Attendance of police officer

(3) The court may require the attendance of the police officer for the purposes of examination or cross-examination, as the case may be.

Admission of evidence

(4) Despite subsection (1), evidence that has been taken at a preliminary inquiry in the absence of an accused may be received in evidence for the purposes referred to in that subsection if the accused’s absence was authorized by a justice under paragraph 537(1)‍(j.‍1).

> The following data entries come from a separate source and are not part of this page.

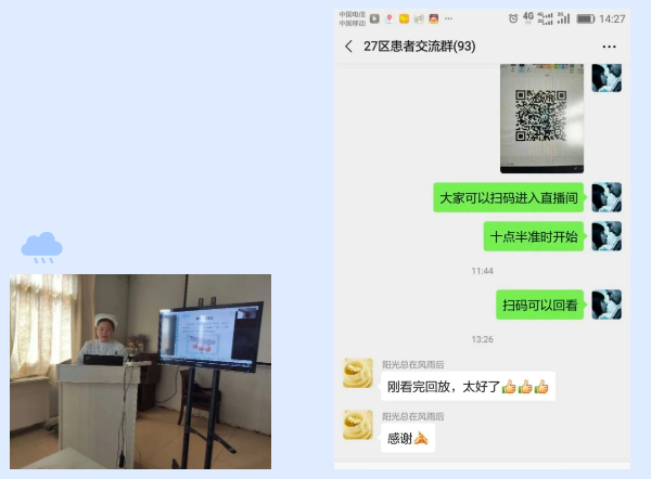 疫情期间,对患者的关心也没有中断,我们在网上制作了直播视频,对患者关心的问题进行科普,并且在线交流,获得了糖友们的一致好评!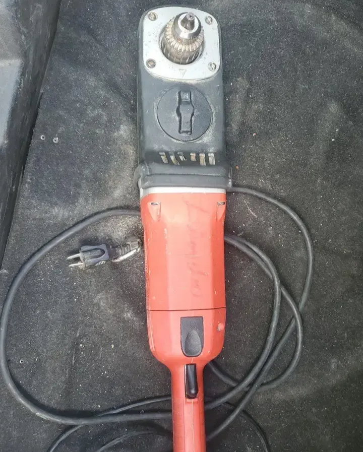 Furadeira de ângulo da marca Danfoss, usada mas funcionando perfeitamente. Possui marcas de uso (vermelha com detalhes pretos), ideal para trabalhos em espaços confinados. Cabo em bom estado.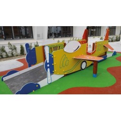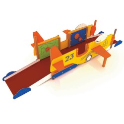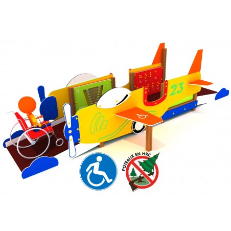 Une structure de jeu pour fauteuil roulant. Pour le plus grand plaisir des enfants. L’accès au poste de pilotage se fait par l’arrière. Une fois au milieu. l’utilisateur dispose de panneaux ludiques pour commander et diriger l’avion. La sortie se fait par l’avant.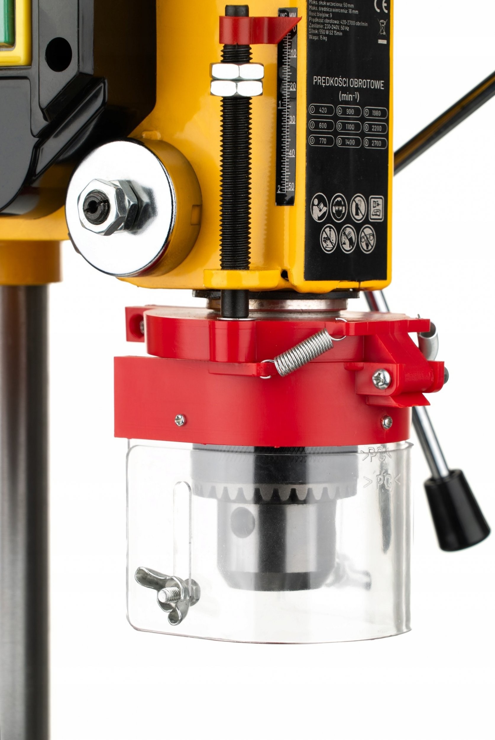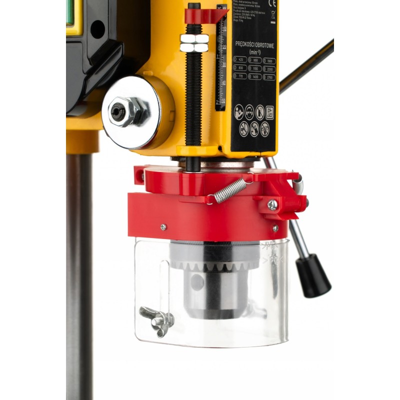 Die Bohrmaschine wurde mit Blick auf die Sicherheit des Benutzers entwickelt. Ausgestattet mit einer transparenten, höhenverstellbaren Schutzhaube bietet sie zusätzlichen Schutz während der Arbeit. Das ergonomische Design und die robuste Konstruktion sorgen für eine komfortable und sichere Handhabung des Werkzeugs.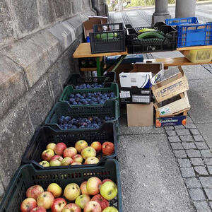 Üppig gewachsenes Obst und Gemüse aus dem eigenen Garten führen zahlreiche PfarrbewohnerInnen mit Freude einem guten Zweck zu: Sie bringen es am Sonntag zum "Gabentisch des Sozialgartls". Wir MitarbeiterInnen des AK Caritas freuen uns, eine große Vielfalt an Früchten entgegenehmen zu können.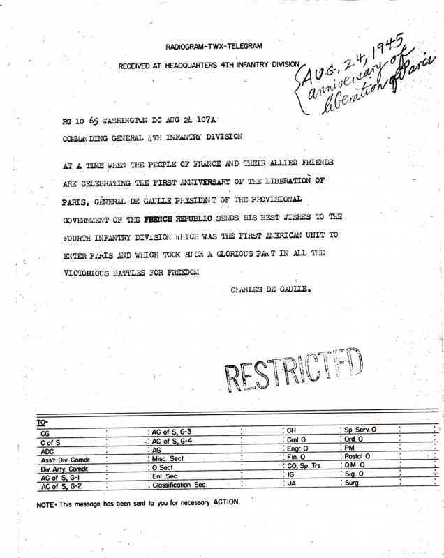 Les témoignages louant la valeur de la IVe Division et le rôle qu'elle a joué dans la libération de Paris et la banlieue sont multiples. Le plus illustre de ceux qui la félicitèrent est sans doute le général de Gaulle qui, dans un télégramme au général BARTON, le 24 août 1945, s'exprime ainsi: «Au moment où le peuple de France et ses amis alliés célèbrent le 1er anniversaire de la Libération de Paris, le général De Gaulle, président du gouvernement provisoire de la République Française, adresse ses vœux les meilleurs à la IVe Division qui fut la 1ère unité américaine à pénétrer dans Paris et qui prit une si glorieuse part dans toutes les batailles remportées pour la Liberté ». (8)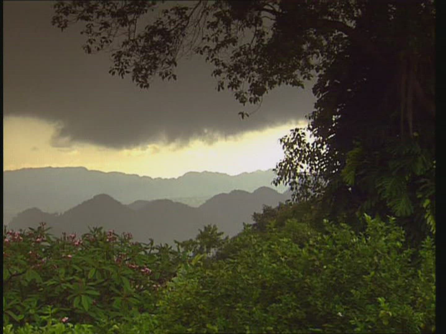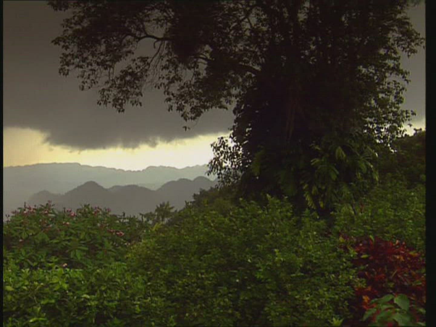 2273108 - Tahitian island mountains reflect in ocean water, view from surface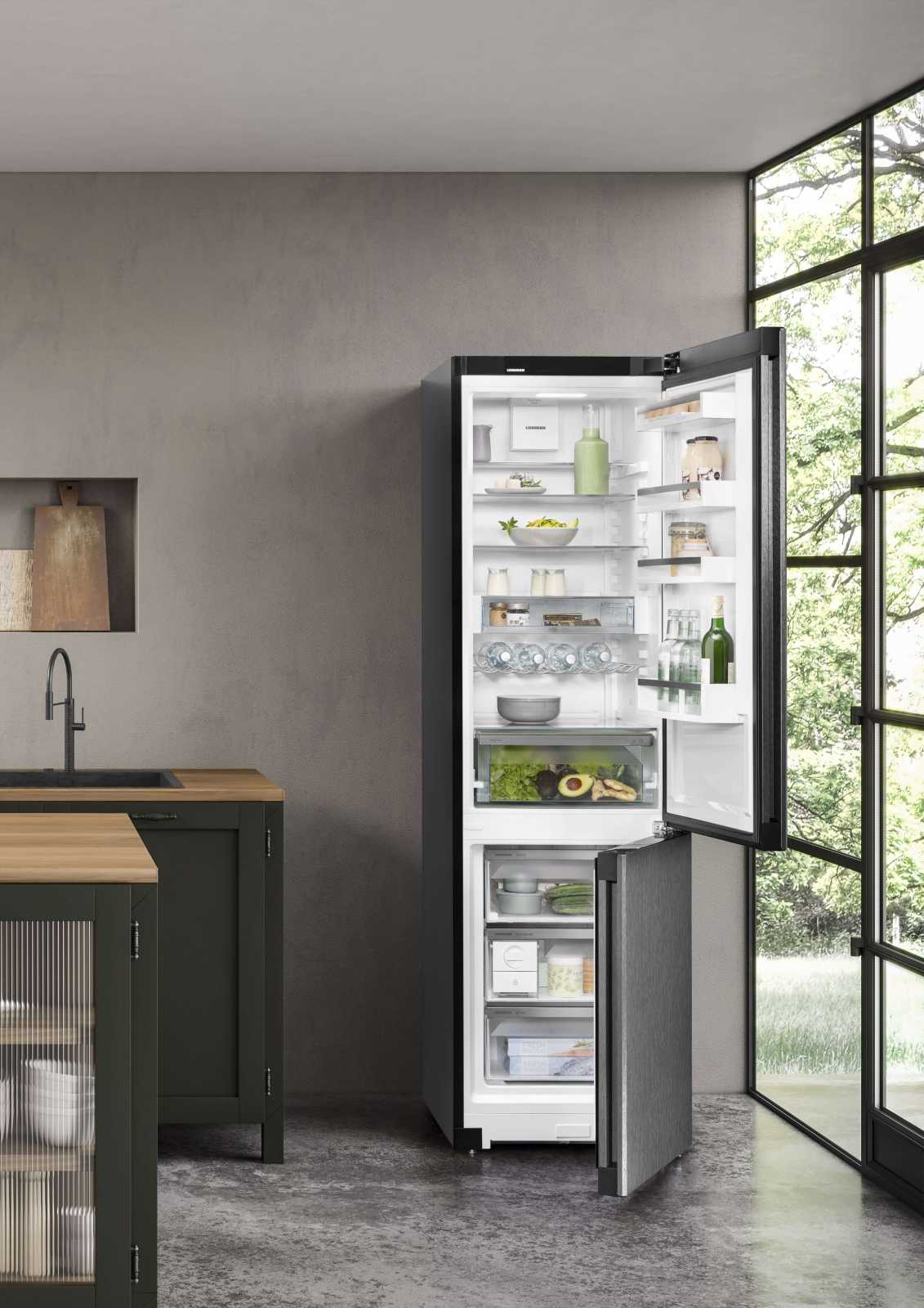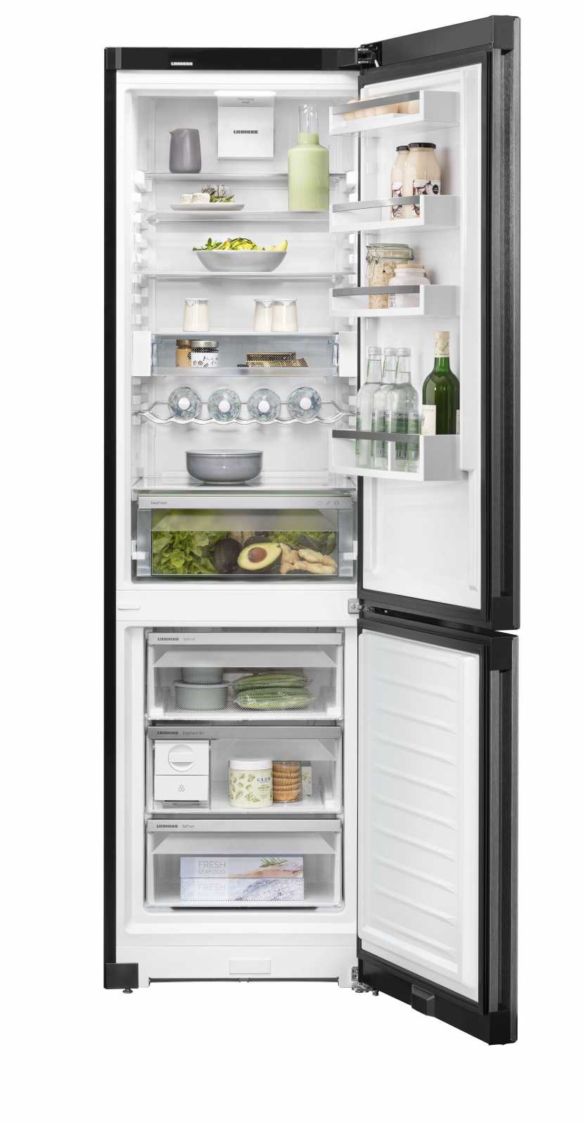 Холодильник Liebherr оснащений передовими технологіями, такими як NoFrost, що забезпечує автоматичне розморожування, і DuoCooling, яка підтримує оптимальний мікроклімат в обох камерах. Завдяки системі FrostSafe, продукти в морозильнику завжди будуть в безпеці. EasyFresh дозволяє зберігати свіжість овочів та фруктів на довгий час.

Absconding accused deemed present

(5) For the purposes of this section, if evidence was taken during a voir dire or preliminary inquiry in the absence of an accused, who was absent by reason of having absconded, the accused is deemed to have been present during the taking of the evidence and to have had full opportunity to cross-examine the witness.

Exception

(6) This section does not apply to any evidence received under subsection 540(7).

Annotations

  • Part XXII

715.1

Evidence of victim or witness under 18

715.1 (1) In any proceeding against an accused in which a victim or other witness was under the age of eighteen years at the time the offence is alleged to have been committed, a video recording made within a reasonable time after the alleged offence, in which the victim or witness describes the acts complained of, is admissible in evidence if the victim or witness, while testifying, adopts the contents of the video recording, unless the presiding judge or justice is of the opinion that admission of the video recording in evidence would interfere with the proper administration of justice.

Order prohibiting use

(2) The presiding judge or justice may prohibit any other use of a video recording referred to in subsection (1).

Annotations

  • Part XXII

715.2

Evidence of victim or witness who has a disability

715.2 (1) In any proceeding against an accused in which a victim or other witness is able to communicate evidence but may have difficulty doing so by reason of a mental or physical disability, a video recording made within a reasonable time after the alleged offence, in which the victim or witness describes the acts complained of, is admissible in evidence if the victim or witness, while testifying, adopts the contents of the video recording, unless the presiding judge or justice is of the opinion that admission of the video recording in evidence would interfere with the proper administration of justice.

Order prohibiting use

(2) The presiding judge or justice may prohibit any other use of a video recording referred to in subsection (1).

Annotations

  • Part XXII

715.21

Attendance

715.‍21 Except as otherwise provided in this Act, a person who appears at, participates in or presides at a proceeding shall do so personally.

Annotations

  • Part XXII

715.22

Provisions providing for audioconference or videoconference

715.‍22 The purpose of the provisions of this Act that allow a person to appear at, participate in or preside at a proceeding by audioconference or videoconference, in accordance with the rules of court, is to serve the proper administration of justice, including by ensuring fair and efficient proceedings and enhancing access to justice.

Annotations

  • Part XXII

715.23

Appearance by audioconference or videoconference

715.‍23 (1) Except as otherwise provided in this Act, the court may order an accused to appear by audioconference or videoconference, if the court is of the opinion that it would be appropriate having regard to all the circumstances, including

(a) the location and personal circumstances of the accused;

(b) the costs that would be incurred if the accused were to appear personally;

(c) the suitability of the location from where the accused will appear;

(d) the accused’s right to a fair and public hearing; and

(e) the nature and seriousness of the offence.

Reasons

(2) If the court does not make an order under subsection (1) it shall include in the record a statement of the reasons for not doing so.

Cessation

(3) The court may, at any time, cease the use of the technological means referred to in subsection (1) and take any measure that the court considers appropriate in the circumstances to have the accused appear at the proceeding.